[Task statement]
Report every line from the following entries that contains the string "with".

[Data for this task]

···

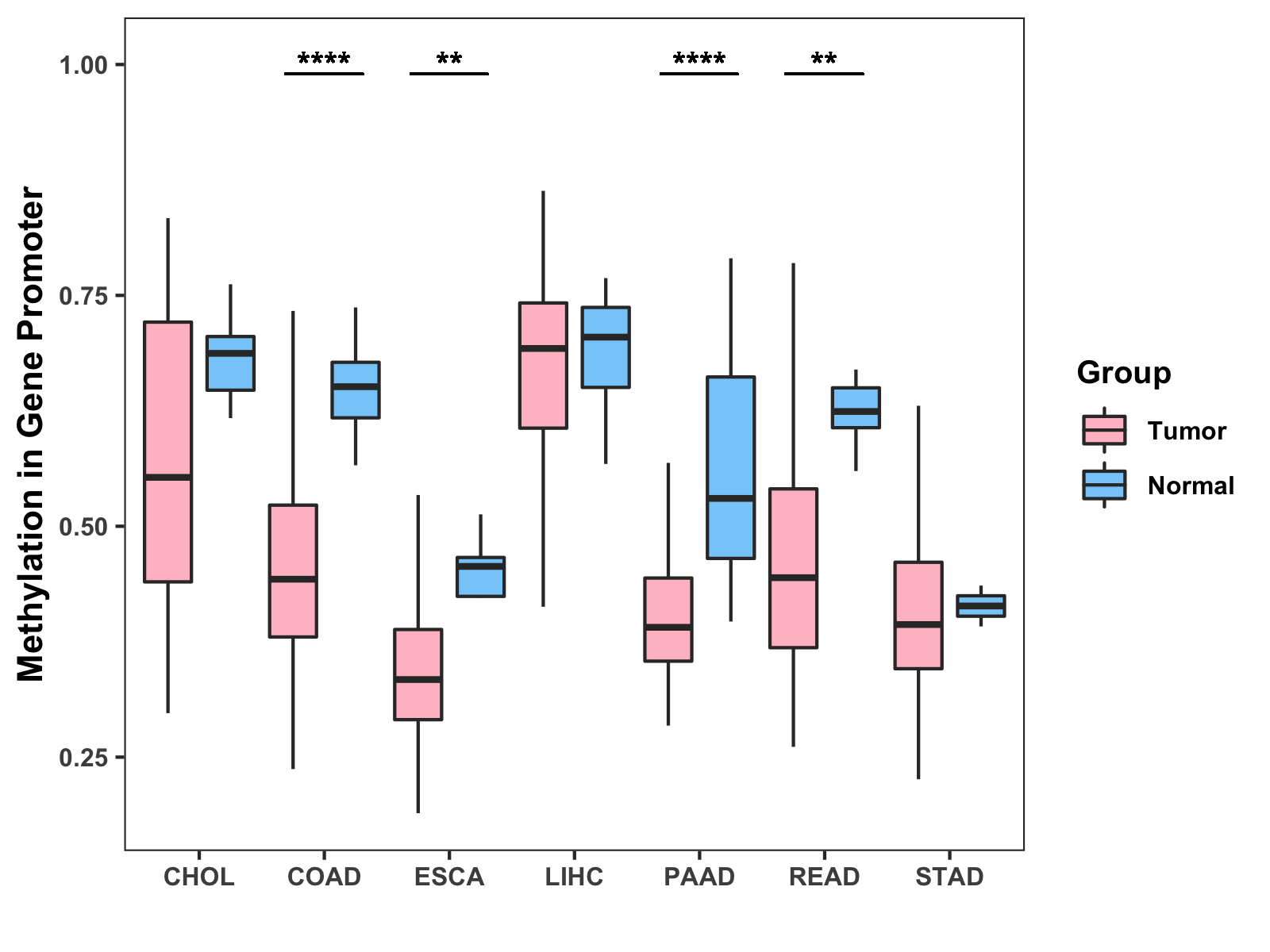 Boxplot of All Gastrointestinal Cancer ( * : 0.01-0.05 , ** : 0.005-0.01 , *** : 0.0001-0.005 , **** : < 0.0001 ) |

···

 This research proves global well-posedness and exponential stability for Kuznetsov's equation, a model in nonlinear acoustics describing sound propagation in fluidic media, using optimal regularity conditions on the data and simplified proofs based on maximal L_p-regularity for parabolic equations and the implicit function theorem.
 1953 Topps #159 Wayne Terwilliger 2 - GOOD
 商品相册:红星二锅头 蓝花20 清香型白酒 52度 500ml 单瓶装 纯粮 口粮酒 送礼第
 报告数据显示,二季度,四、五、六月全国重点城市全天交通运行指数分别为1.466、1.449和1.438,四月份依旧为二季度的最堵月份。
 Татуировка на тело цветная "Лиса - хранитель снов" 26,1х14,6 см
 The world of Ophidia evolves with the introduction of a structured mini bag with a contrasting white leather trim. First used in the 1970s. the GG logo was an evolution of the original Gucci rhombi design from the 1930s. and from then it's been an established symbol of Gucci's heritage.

···

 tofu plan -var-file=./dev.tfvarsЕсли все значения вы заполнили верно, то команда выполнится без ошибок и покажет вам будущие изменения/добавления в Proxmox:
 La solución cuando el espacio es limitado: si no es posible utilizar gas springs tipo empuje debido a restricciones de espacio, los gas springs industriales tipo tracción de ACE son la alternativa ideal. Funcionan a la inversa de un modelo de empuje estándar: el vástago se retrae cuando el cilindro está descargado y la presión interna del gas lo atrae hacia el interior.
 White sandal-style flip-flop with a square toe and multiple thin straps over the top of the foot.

···

[Output below]
 The world of Ophidia evolves with the introduction of a structured mini bag with a contrasting white leather trim. First used in the 1970s. the GG logo was an evolution of the original Gucci rhombi design from the 1930s. and from then it's been an established symbol of Gucci's heritage.
 White sandal-style flip-flop with a square toe and multiple thin straps over the top of the foot.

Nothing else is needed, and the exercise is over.